Air pollutants of concern to health come from a variety of sources and can be divided up in several ways; gaseous and particulate; primary and secondary; indoor and outdoor. Information on individual pollutants can be found on the Air pollutants of relevance to human health page.
Gases and Particles
Pollutants are present in air as either gases or particles (or associated with particles). Important gaseous pollutants include sulphur dioxide (SO2), oxides of nitrogen (nitrogen dioxide and nitric oxide are collectively referred to as NOx), ozone, and carbon monoxide (CO). Particles (or “particulate matter”) come from numerous different sources and vary greatly in size, composition and in what is attached to them. They are complex mixtures of different substances, both organic and inorganic, which include carbon, sulphate, nitrate, ammonium, minerals and metals. They are generally divided up on the basis of their size (particle diameter) with the most common two groups being PM2.5 and PM10 (particles generally <2.5µm or <10µm in diameter respectively).

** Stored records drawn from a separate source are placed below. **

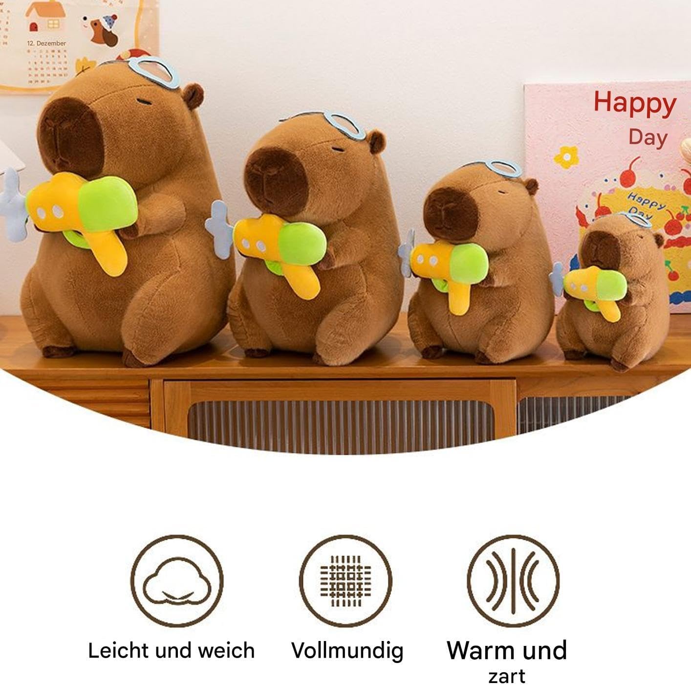 Perfetto per i viaggi: grazie alla sua forma adatta allo zaino, il peluche Capybara può essere facilmente riposto e diventerà il tuo compagno di viaggio indispensabile in tutte le escursioni e tour. Emozioni estive: il peluche Capybara con confezione estiva porta gioia ovunque e scalda il cuore come premuroso regalo di compleanno. Sicurezza robusta: combina bordi morbidi e sicuri con cuciture rinforzate per resistenza e protezione. La stampa precisa del bagno mostra un'elevata attenzione ai dettagli: un peluche visivamente accattivante e affidabile per il divertimento quotidiano. Incantevoli decorazioni stagionali: il simpatico capibara in costume da bagno estivo nobilita scrivanie e scaffali. Affascina gli appassionati di oggetti decorativi giocosi con una giocosa combinazione di fascino e moda estiva. Robusto e tenero compagno: sperimenta la delicata sensazione sulla pelle grazie al tessuto di alta qualità, abbinato a una forma stabile e al materiale di riempimento in PP ecologico per un piacere duraturo - il compagno morbido e ideale per la vita di tutti i giorni e la cameretta dei bambini
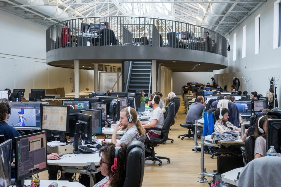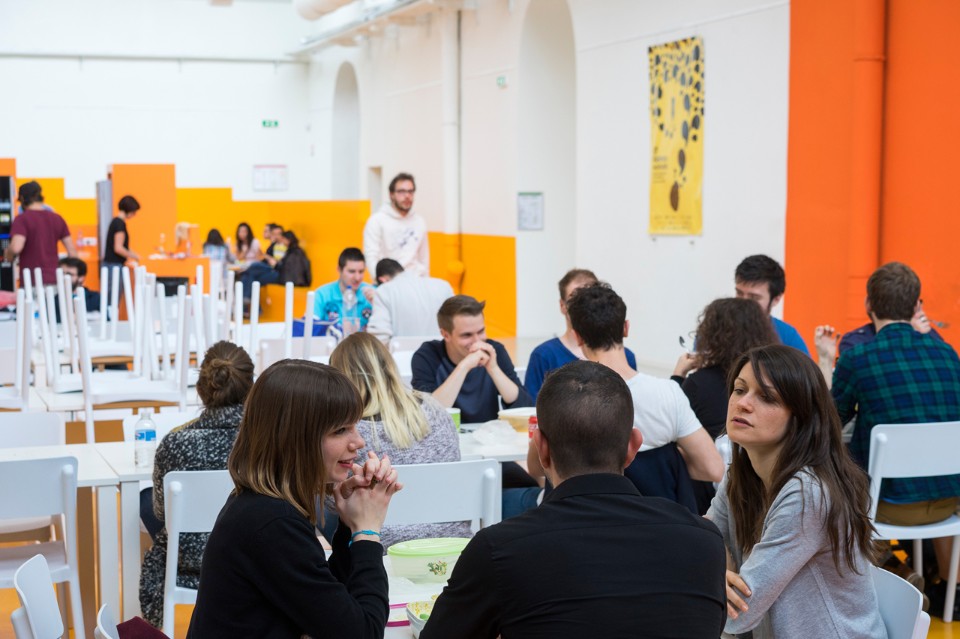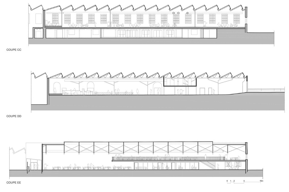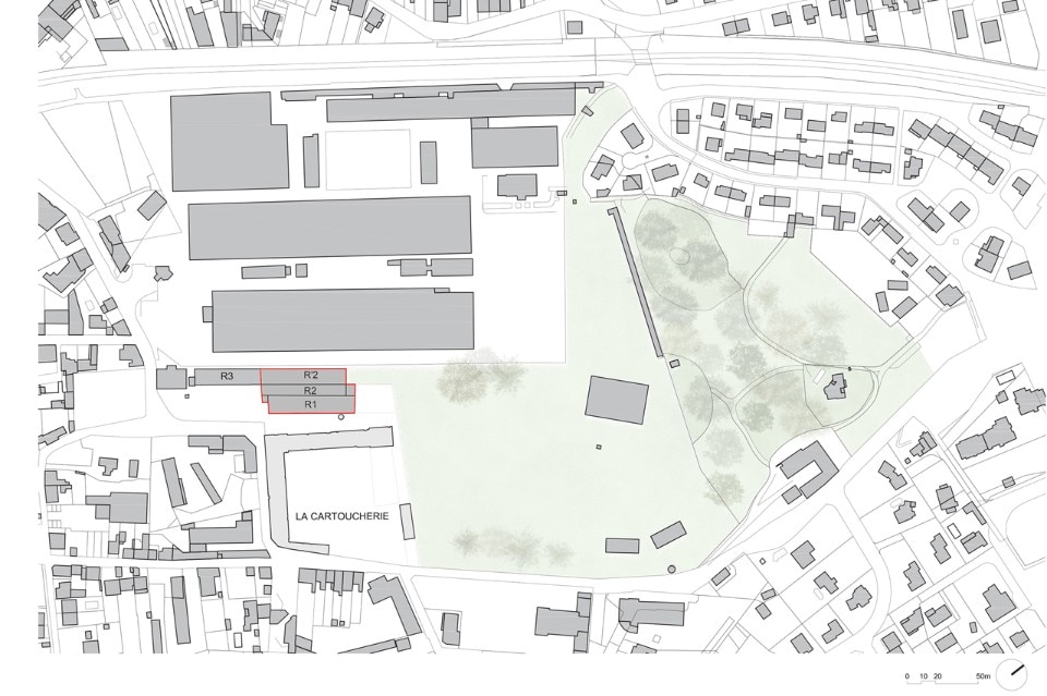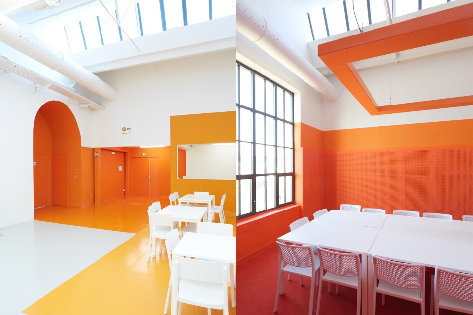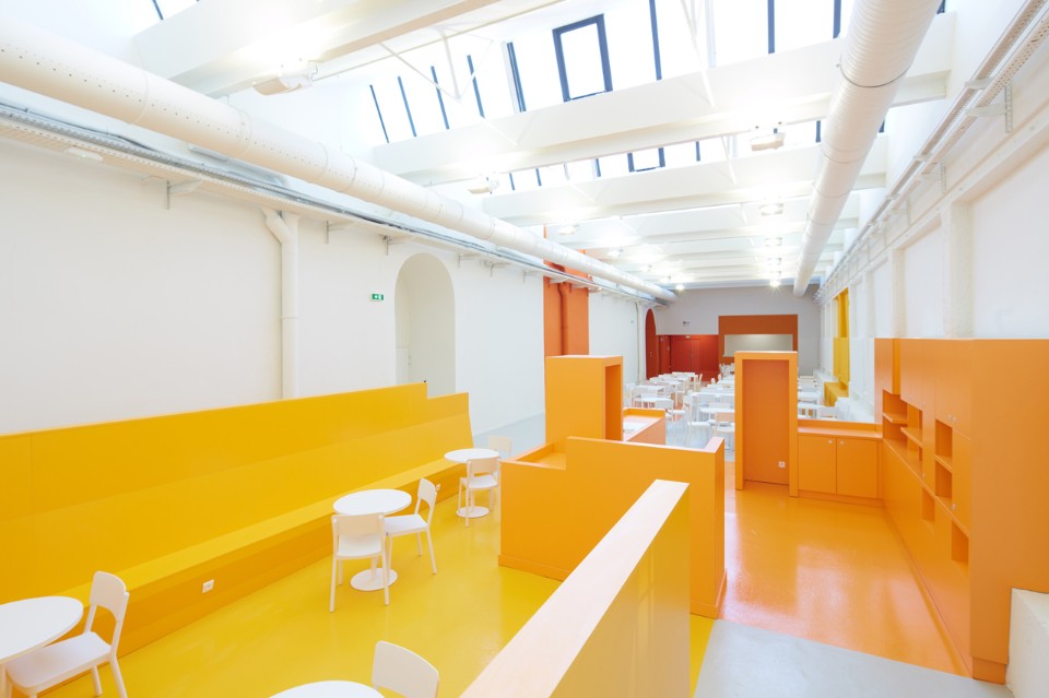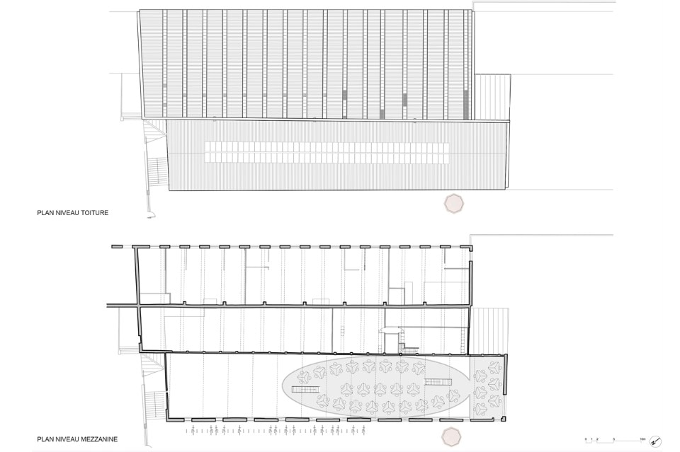 The first phase of the work led by the town and the architect Philippe Prost allowed for the rehabilitation of the principal building and of the courtyard. H2o continued the process readapting the “R Buildings”, to create working places for the Image Center of the Southern Rhône-Alpes. The architects preserved the qualities inherent to the existing buildings which are modest yet efficient: a spatial generosity bathed throughout by natural light, a repetitive and simple constructive system. The central hall, well lit but without a view, is the living heart of the project, a meeting space for the different companies working there.
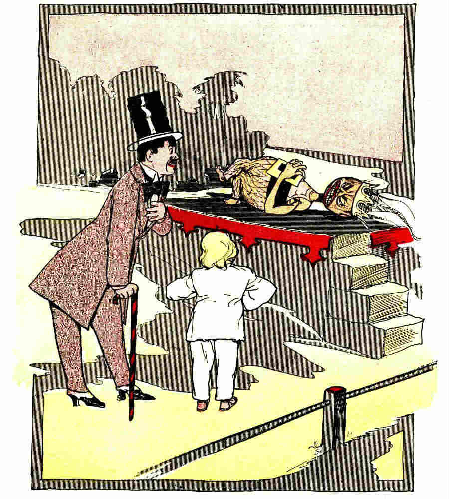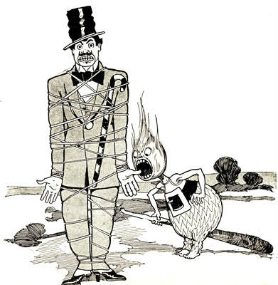 In this book Mr. Baum has told in his inimitable style, the remarkable tale of the Woggle-Bug's love affairs. It will be enjoyed by every one—men, women and children. Different from any other book. Novel in story, pictures, size, printing and general make-up. Illustrated on every page with grotesque pictures by Ike Morgan.
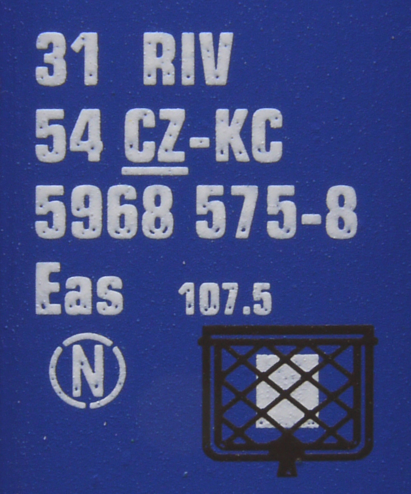 | • 31 54 5968 575-8 | → | nákladní, s podvozky, pevný rozchod, ve vlastnictví železniční správy, RIV, PPV |
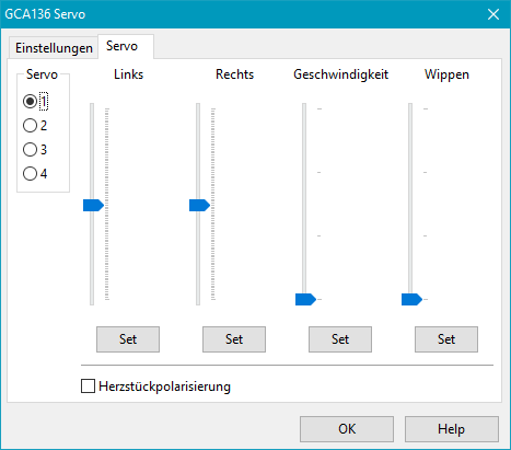 Danach können auf der Registerkarte "Servo" die Einstellungen für die vier Servos vorgenommen werden.
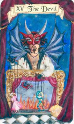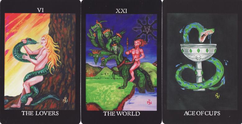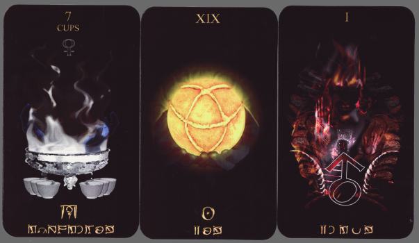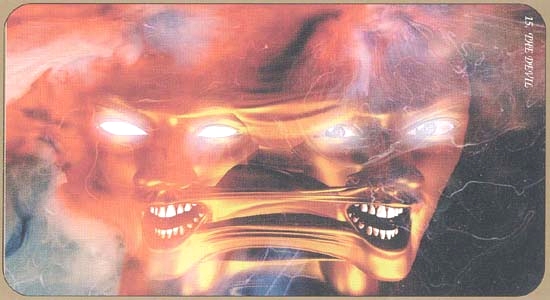 10th Aug 2007 Yesterday and today I have spent some time negotiating with an artist about a really fine deck that they were not able to get published through the usual mass market publishers. This morning I made up some sample cards and sent them off to the artist. Hopefully, we will be able to make an agreement on publishing. It saddens me that so many fine tarot decks have been designed by accomplished artists and yet do not find a publisher. I am happy to publish their work, but my resources are limited and I have to be realistic about prices. Sadly it appears there are no wealthy people willing to sponsor the publication of such wonderful artwork, so it is left to people like myself to make the best of things. I have four decks in active preparation at the moment, which means I will have published 17 tarot decks in about 18th months. On the negative side, I had a series of emails from a 'gentleman' wanting to buy cheap "seconds" of my tarot decks. I told him I did not issue low quality copies. He then went on to say that he believed that sometimes the "seconds" become collectors items. I must say I got rather annoyed at his attitude - wanting to buy cheap copies in the hope that he would make money from these. It such very hard work producing these tarots, both on the part of the artist and on myself as printer/publisher - so it is rather galling that someone should seek to exploit things in this way. When I pointed out that I valued my work and the work of the artists whose cards I publish, this 'gentleman' got rather abusive saying that I was arrogant and that arrogance was incorporated into my work. I just didn't need that sort of start to my day. People can be so mean. 7th Aug 2007 I spent most of today setting up the artwork for the next two art tarots I am to publish in my series. I printed a copy of these out, and made up some sample cards, which I will send to the artist for their final approval. Hopefully, if nothing gets in the way, I should be able to publish these in September. Much of the last few months I have spent working on my alchemy exhibition at the Edinburgh Festival. If you want a bit of amusement have a look at this page www.alchemywebsite.com/exhibition2007.html 6th Aug 2007 There have been a quite a few 'dark' magical tarots issued recently - the Sinister, the Abysmal and the Bestian immediately come to mind. Now we have the Luciferian Tarot from the USA. The creator of this deck, Michael W. Ford, seems to hope to sell this widely, as he has chosen to issue a full 78 card deck at a modest price. The artwork was conceived by Ford but painted by Nico Claux, whose previous output seems to be oriented around portraits of serial killers. The Majors are full paintings, as are the Courts, but the Pips are a collage of paintings and sections of woodcuts, magical sigils and related material. Ford presents the deck as exploring the impact of the Adversary (one name of whom will be 'Lucifer') throughout history, and thus the artwork on the majors draws on some medieval paintings and early woodcuts. Thus we have some references to the many woodcuts series of the Apocalypse, images probably from the Visions of Tundal and so on. The artwork is not particularly polished, with the modelling a bit clumsy in places, but one can see this as part of the deck's style. The cards are quite large (5.5 x 3.5 inches - 140 x90 mm) and on a thin stock. At first glance, something seems to have gone wrong with the numbering of the cards 8, 12 and 13, but this may not be a misprint and could well be explained in the book you can buy in conjunction with the deck. It is not one of those excoriating and grim series of images, such as we find in the Savage Tarot, but the imagery is quite approachable and does not repel or offend. No doubt, committed Christians will disagree with me here ! Serpents, dragons, skulls and hellish flames are depicted throughout the deck which, of course, has black borders.
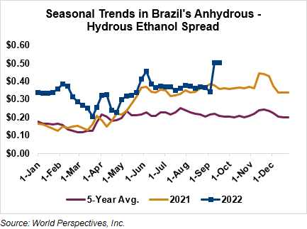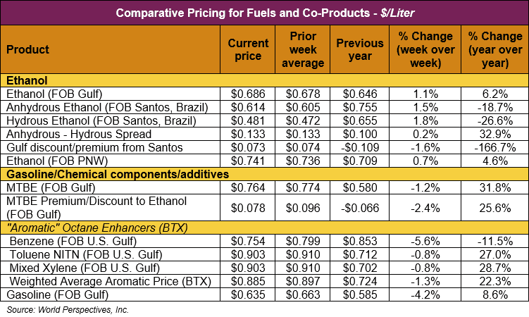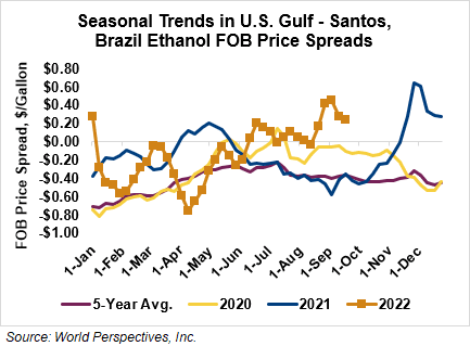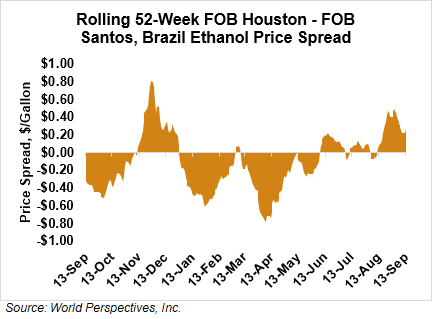 The FOB Gulf-Santos, Brazil ethanol spread has widened from last week’s close through Tuesday’s trading and is currently at 7.25 cents/liter (27.46 cents/gallon).

Other pollutants can straddle the divide between the gases and the particles, including polycyclic aromatic hydrocarbons (PAHs) which occur in gaseous form or bound to particles; metals such as lead, arsenic and nickel which usually occur in air as particles or bound to particles and mercury, which exists as a vapour; and volatile organic compounds (VOCs) such as benzene, 1,3-butadiene and formaldehyde, which occur as gases.
Primary and Secondary
Pollutants are also often classified as either primary or secondary pollutants. Primary pollutants are those released directly into the air from the pollutant source and secondary pollutants are those formed by chemical changes to primary pollutants. For example, SO2 is a primary pollutant produced by coal burning power stations. Nitrogen dioxide (NO2) is mainly a secondary air pollutant, formed by the oxidation of nitric oxide (NO, a primary pollutant produced by traffic and fossil fueled power stations). Ozone is also a secondary pollutant, produced when sunlight breaks down pollutants such as NO2 and VOCs.
Particles can also be primary or secondary. Primary particles, emitted directly into the air, include those from coal fired power stations and car exhausts. Primary particles also include naturally occurring materials such as pollen grains and their fragments. Secondary particles are those formed from other pollutants e.g. sulphates and nitrates formed from SO2 and NO2. A common secondary particle constituent is ammonium sulphate formed from ammonia and sulphuric acid. For more information see Particles
Indoor and outdoor
Concentrations and types of pollutants differ between indoor and outdoor air. Pollutants in indoor air relevant to health include CO, NO2, VOCs and Environmental tobacco smoke, whereas ozone, sulphur dioxide and particles are more relevant in outdoor air. Concentrations of pollutants can vary significantly between outdoor and indoor air – for example, carbon monoxide, although present in outdoor air, can reach dangerously high levels indoors if rooms are poorly ventilated. By contrast, levels of ozone, particularly during summer ozone episodes, are much lower indoors than outdoors (due to interaction with indoor surfaces).